Laktosefrei in Kürze
Laktosefreie Milch ist reguläre Milch, in der die Laktose durch Enzyme aufgespalten wurde. Der Nährstoffgehalt ist identisch, die Konsistenz auch. Der Geschmack ist etwas süßer, weil die aufgespaltene Laktose zu Glucose und Galaktose wird - beides süßer als Laktose. Diese Produkte sind für Menschen mit Laktose-Intoleranz oder -Allergie wertvoll, sie können endlich wieder Milch trinken. Die Kosten sind etwas höher als bei regulärer Milch, die Haltbarkeit ist ähnlich, je nachdem ob frisch oder H-Milch. In der Küche funktioniert laktosefreie Milch genauso wie reguläre in Rezepten - beim Backen und Kochen gibt es keinen Unterschied. Wer keine Probleme mit Laktose hat, muss nicht wechseln; wer Probleme hat, ist froh, dass die Option existiert.
Rohmilch-Angebote
Rohmilch ist unbehandelt und nur kurz gekühlt. Am bekanntesten sind die Rohmilch-Automaten auf vielen Bauernhöfen - dort kann man die Milch frisch gepumpt holen. Das Geschmackserlebnis ist unvergleichlich: echtes Milcharoma, cremig und intensiv. Die Haltbarkeit ist allerdings kurz, höchstens ein bis zwei Tage. Rohmilch ist riskanter als pasteurisierte Milch, denn sie kann Keime enthalten. In Deutschland ist das rechtlich geregelt, Bauernhöfe müssen Tests machen und Auflagen erfüllen. Wer Rohmilch trinkt, akzeptiert ein minimales Risiko. Im Zweifel ist Frischmilch ein guter Kompromiss zwischen Aroma und Sicherheit.
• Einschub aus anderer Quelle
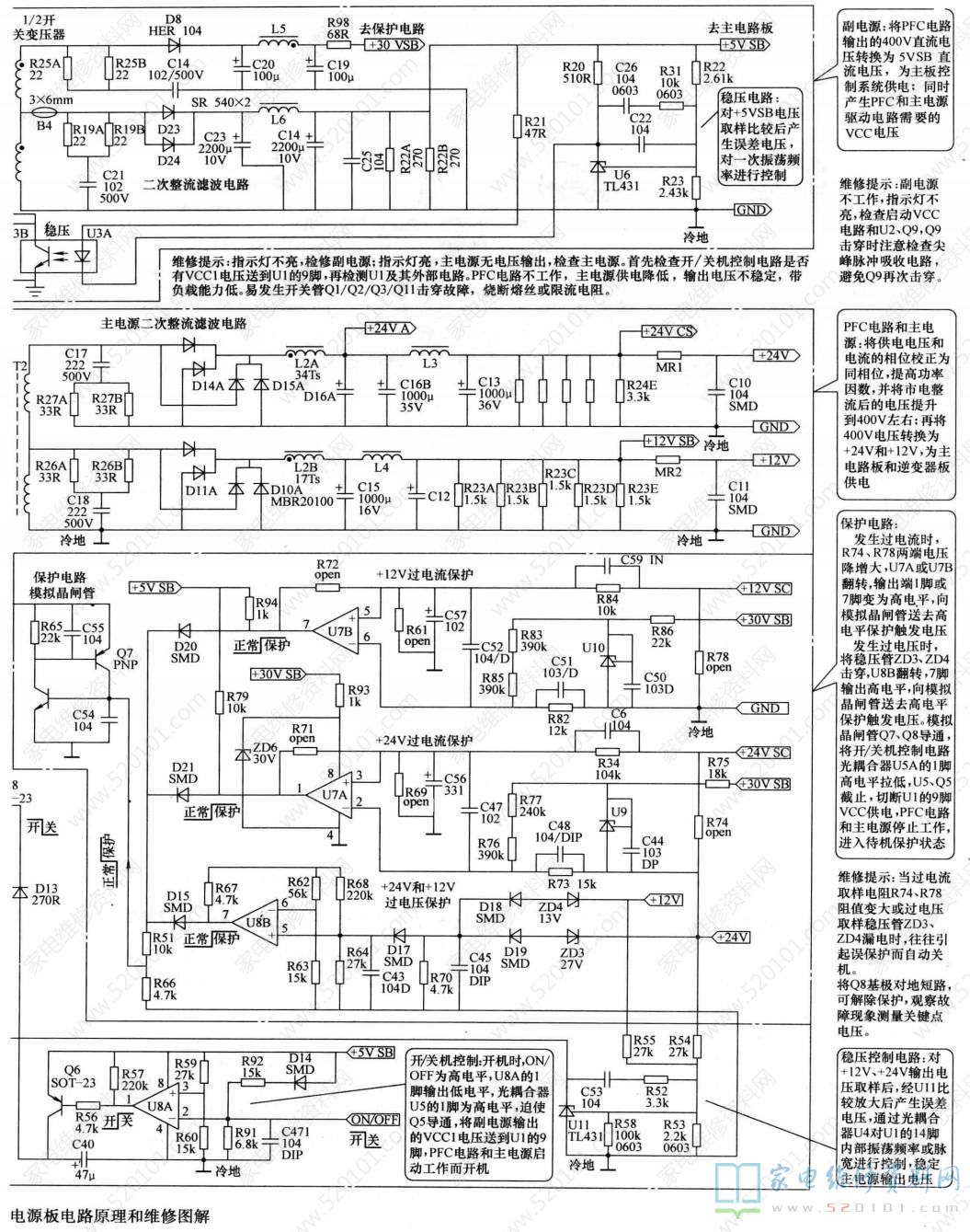 该电源板由三部分组成: 一是以驱动控制电路UC3843 (U2) 为核心组成的副开关电源,为主板上的微处理器控制系统提供+5VSB和+30VSB两组电压,同时为主开关电源驱动控制电路TDA16888(U1)提供VCC1工作电压;二是以TDA16888(U1)的1/2为核心组成的PFC电路,并将市电整流滤波后的低电压提升到+ 400V,为主电源供电;三是以TDA16888 (U1) 的1/2为核心组成的主开关电源,为负载电路提供+24V和+12V电压。

Für Schwangere, Kinder unter fünf Jahren oder immungeschwächte Menschen wird Rohmilch nicht empfohlen.
Frisch- vs. H-Milch
Frischmilch ist auf 72 bis 75 °C pasteurisiert und hält etwa eine Woche im Kühlschrank. H-Milch ist ultrahocherhitzt auf über 130 °C und hält monatelang ungekühlt. Der Unterschied im Geschmack ist real: Frischmilch schmeckt cremiger, mit natürlichem Milcharoma, H-Milch flacher und leicht gekocht. Das liegt an der Hitze - sie verändert feine Aromen. Bei den Nährwerten sind beide ähnlich, die Hitze zerstört die Makronährstoffe nicht. Zum reinen Trinken ist Frischmilch deutlich besser, zum Backen und Kochen funktioniert H-Milch genauso gut. Wer auf Qualität Wert legt, achtet auf eine durchgängige Kühlkette und greift gerne zu Bio-Frischmilch.